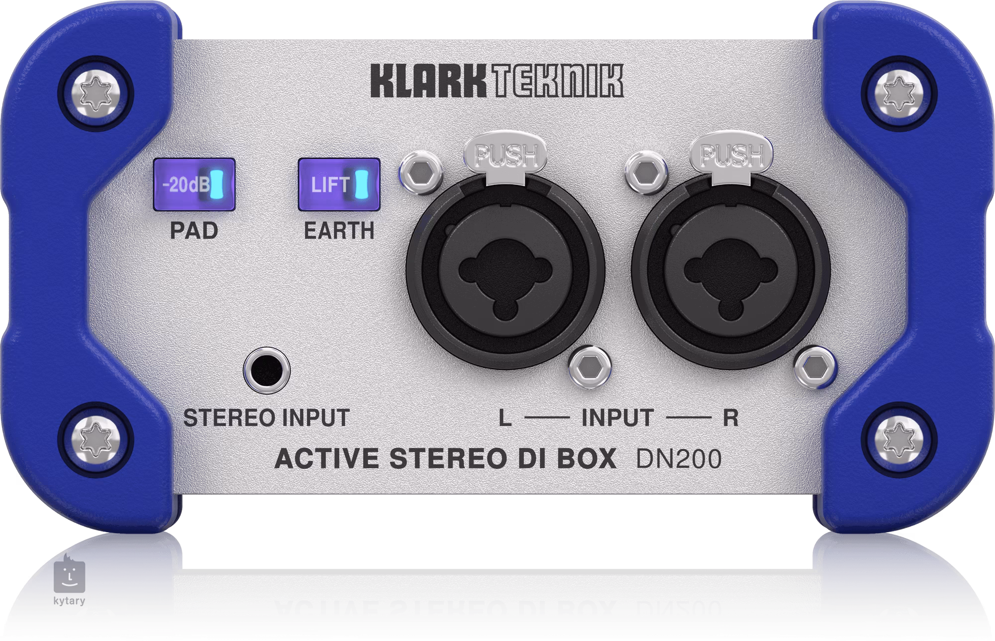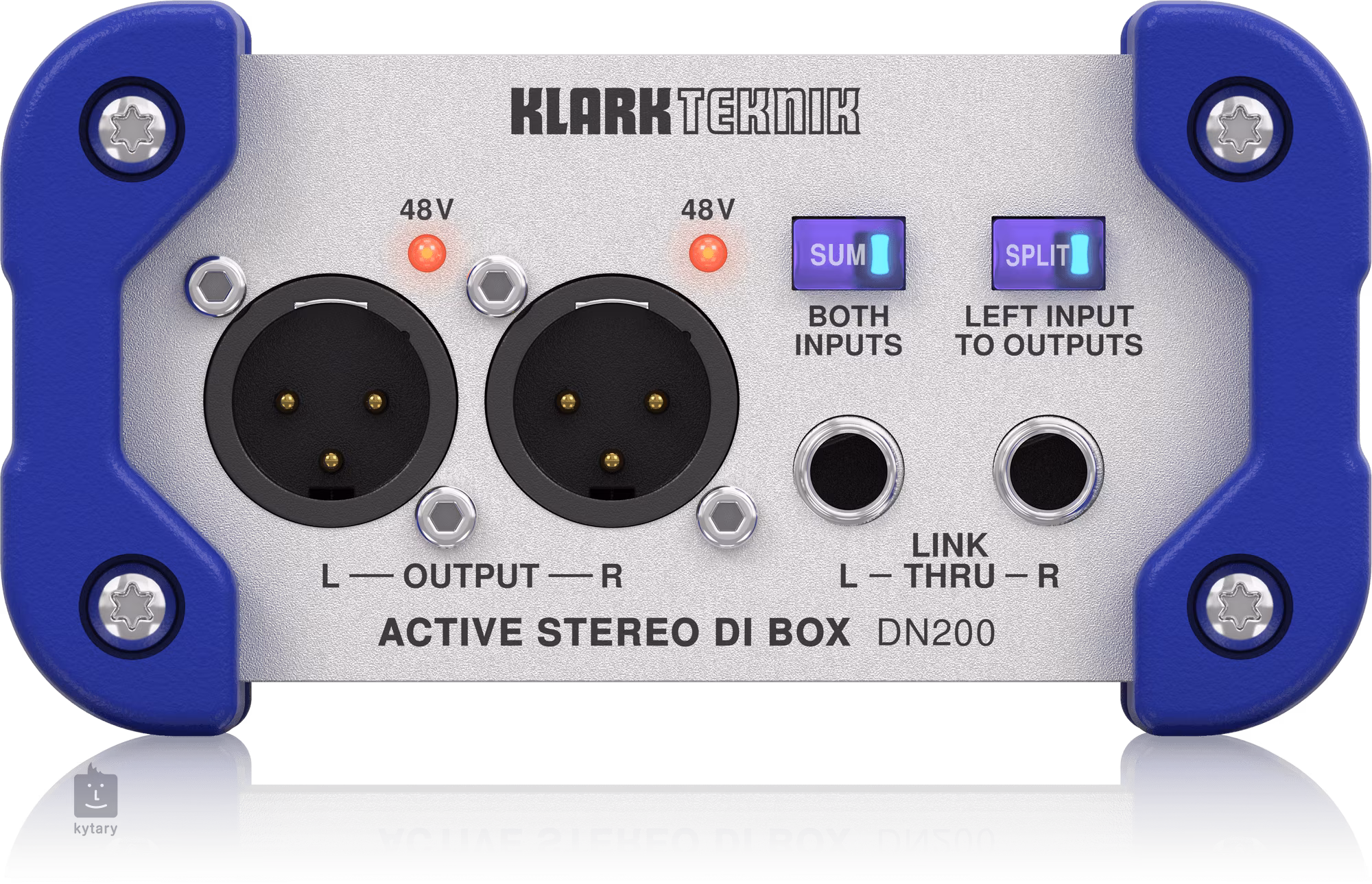 Die KLARK TEKNIK DN200 V2 ist eine zweikanalige aktive DI-Box mit 48V-Phantomspeisung, Eingängen (2x Combo XLR/Klinke 6,3 mm, Klinke 3,5 mm TRS Stereo Input), Ausgängen 2x XLR, 2x Klinke 6,3 mm TRS (Link Thru), wählbarer Dämpfung (-20 dB), schaltbarer Erdung und Schaltern Sum (sendet Signal von beiden Eingängen zu beiden Ausgängen) und Split (sendet Signal vom linken Eingang zu beiden Ausgängen).
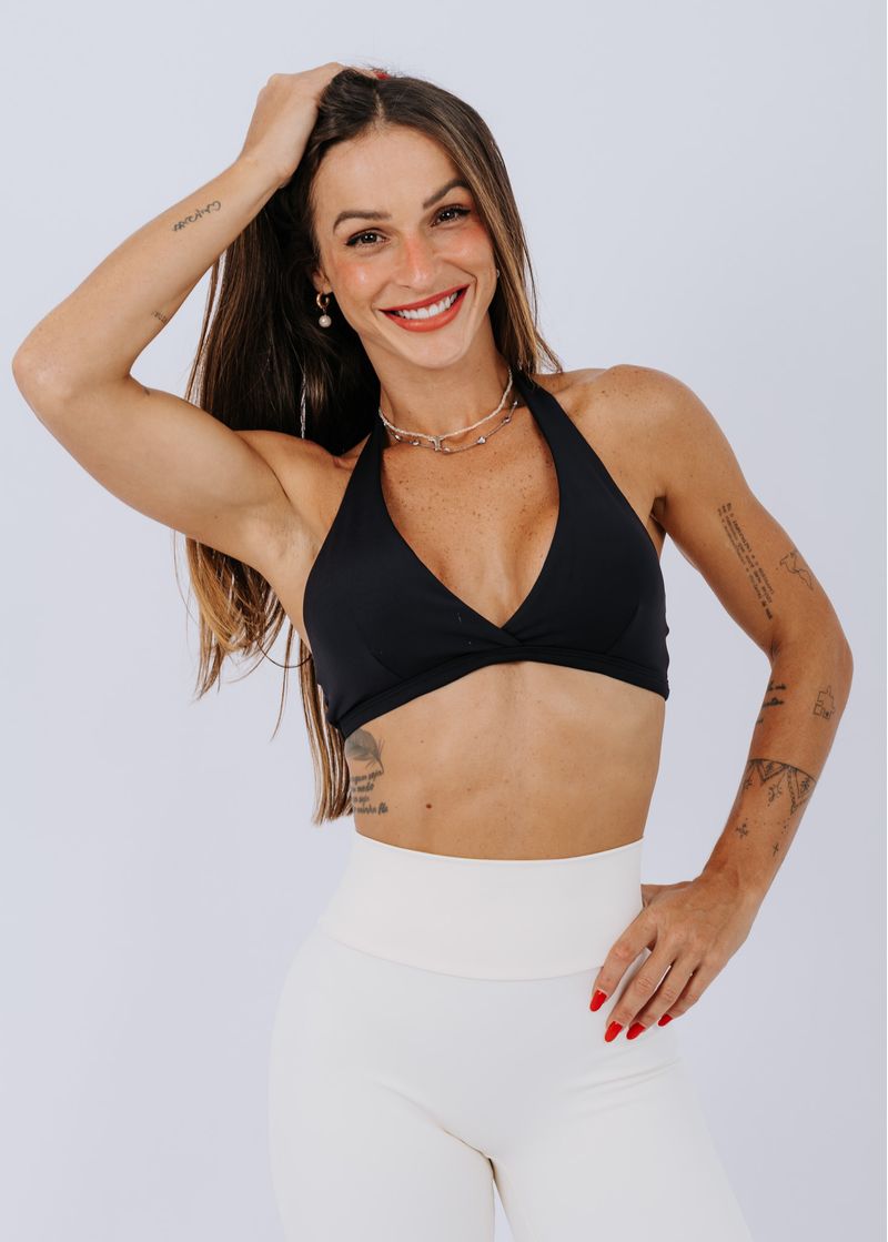 O Top Love é frente única decotado e agora veio com um transpasse frontal garantindo mais conforto e sustentação. Possui elásticos ao redor das laterais, assim como na barra, para melhor ajuste no corpo. Não possui entrada para bojo. (Modelo veste P)
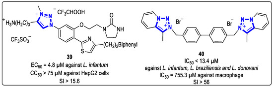 In 2017, Sanchez-Moreno et al. synthesized several new [1,2,3]triazolo[1,5-a]pyridinium salts using triazolopyridine compounds as raw materials, and studied their in vitro antileishmanial activities. The results showed that compound 40 had good activities against intracellular amastigotes and promastigotes of 3 species of Leishmania, including L. infantum, Leishmania braziliensis and Leishmania donovani, with IC50 values of 5.3–13.4 μM and 6.3–9.1 μM, respectively (Figure 18). The activities were better than that of the control drug Glucantime, with IC50 values of 18.0–25.6 μM and 18.4–30.4 μM, respectively. The selectivity index (SI > 56) of compound 40 was higher than the control drug Glucantime (SI < 1) [46].
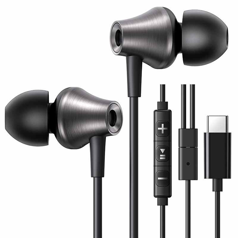 Zbliżenie na czarne przewodowe kopfhörer dokanałowe Ugreen z pilotem i złączem USB-C
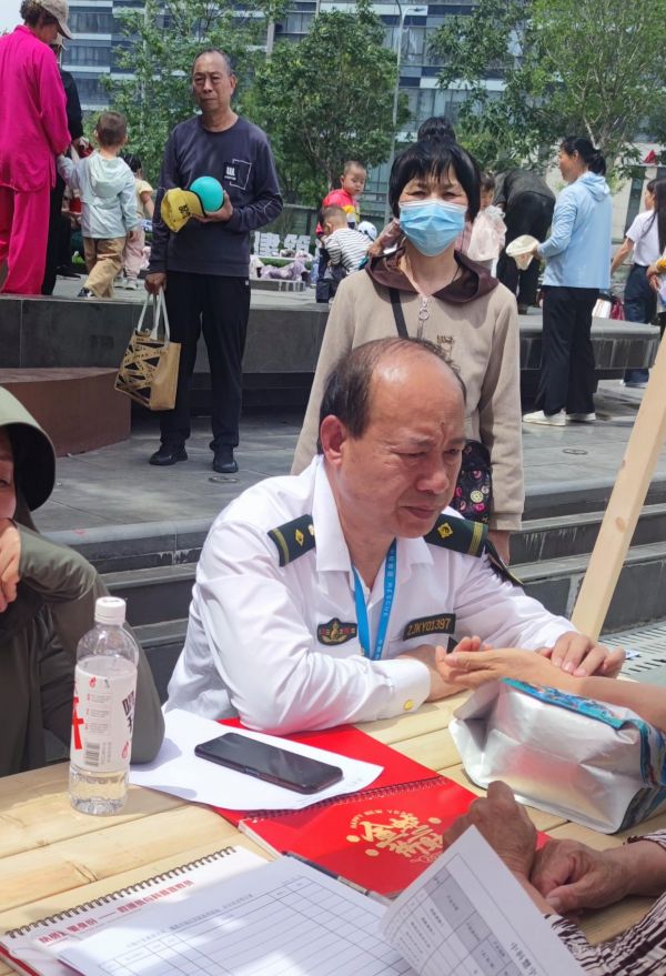 分队长户建勋更是发挥专业特长,为有需求的居民进行脉诊,针对不同体质,耐心讲解中医调理方法,提供个性化健康建议。
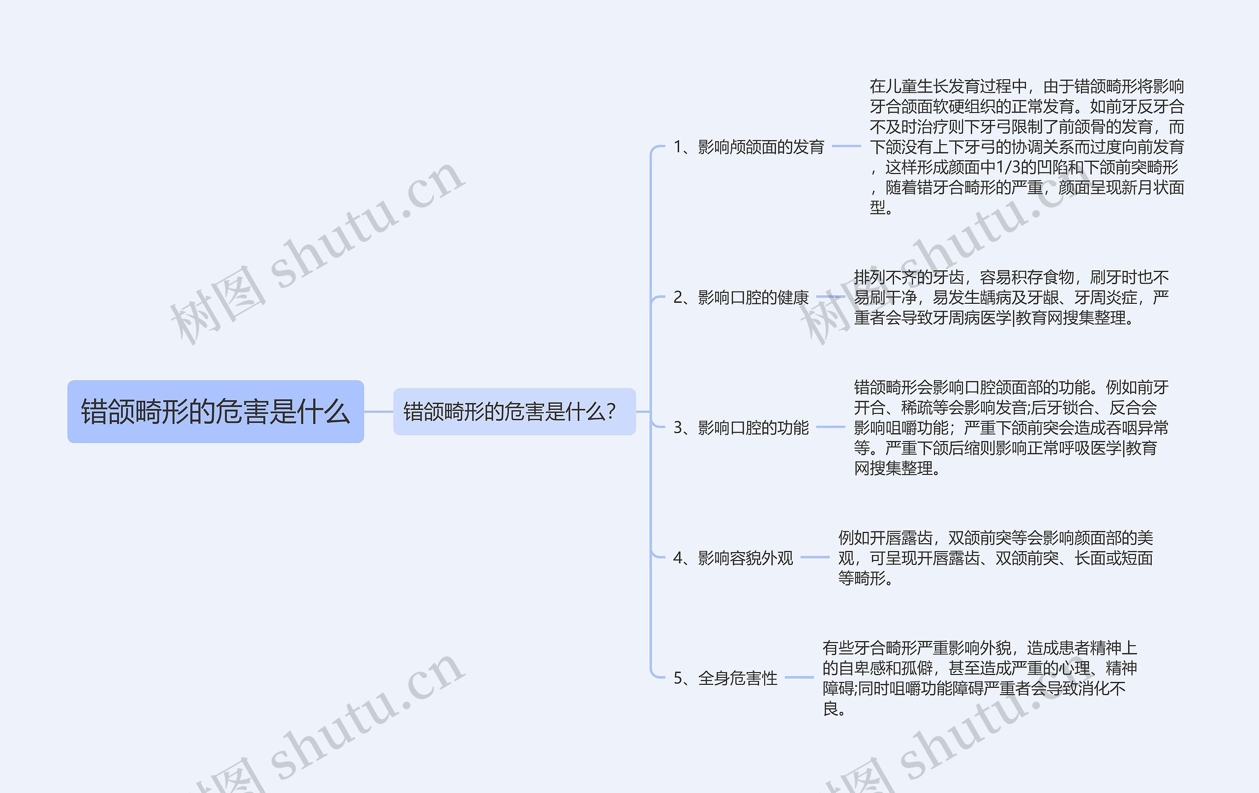 错颌畸形的危害是什么?错颌畸形的危害有哪些?相信这是大家最想知道,最想了解的问题。下面树图思维导图小编为大家搜集整理了相关信息,希望对大家了解错颌畸形的危害是什么能有所帮助。 错颌畸形的危害是什么? 1、影响颅颌面的发育 在儿童生长发育过程中,由于错颌畸形将影响牙合颌面软硬组织的正常发育。
◇ ◇ ◇ ◇ ◇ ◇ ◇
**ASSIGNMENT:**
Set down every entry above exactly as written. Leave out all pictures.

**RESPONSE TO THE EXERCISE:**
 Die KLARK TEKNIK DN200 V2 ist eine zweikanalige aktive DI-Box mit 48V-Phantomspeisung, Eingängen (2x Combo XLR/Klinke 6,3 mm, Klinke 3,5 mm TRS Stereo Input), Ausgängen 2x XLR, 2x Klinke 6,3 mm TRS (Link Thru), wählbarer Dämpfung (-20 dB), schaltbarer Erdung und Schaltern Sum (sendet Signal von beiden Eingängen zu beiden Ausgängen) und Split (sendet Signal vom linken Eingang zu beiden Ausgängen).
 O Top Love é frente única decotado e agora veio com um transpasse frontal garantindo mais conforto e sustentação. Possui elásticos ao redor das laterais, assim como na barra, para melhor ajuste no corpo. Não possui entrada para bojo. (Modelo veste P)
 In 2017, Sanchez-Moreno et al. synthesized several new [1,2,3]triazolo[1,5-a]pyridinium salts using triazolopyridine compounds as raw materials, and studied their in vitro antileishmanial activities. The results showed that compound 40 had good activities against intracellular amastigotes and promastigotes of 3 species of Leishmania, including L. infantum, Leishmania braziliensis and Leishmania donovani, with IC50 values of 5.3–13.4 μM and 6.3–9.1 μM, respectively (Figure 18). The activities were better than that of the control drug Glucantime, with IC50 values of 18.0–25.6 μM and 18.4–30.4 μM, respectively. The selectivity index (SI > 56) of compound 40 was higher than the control drug Glucantime (SI < 1) [46].
 Zbliżenie na czarne przewodowe kopfhörer dokanałowe Ugreen z pilotem i złączem USB-C
 分队长户建勋更是发挥专业特长,为有需求的居民进行脉诊,针对不同体质,耐心讲解中医调理方法,提供个性化健康建议。
 错颌畸形的危害是什么?错颌畸形的危害有哪些?相信这是大家最想知道,最想了解的问题。下面树图思维导图小编为大家搜集整理了相关信息,希望对大家了解错颌畸形的危害是什么能有所帮助。 错颌畸形的危害是什么? 1、影响颅颌面的发育 在儿童生长发育过程中,由于错颌畸形将影响牙合颌面软硬组织的正常发育。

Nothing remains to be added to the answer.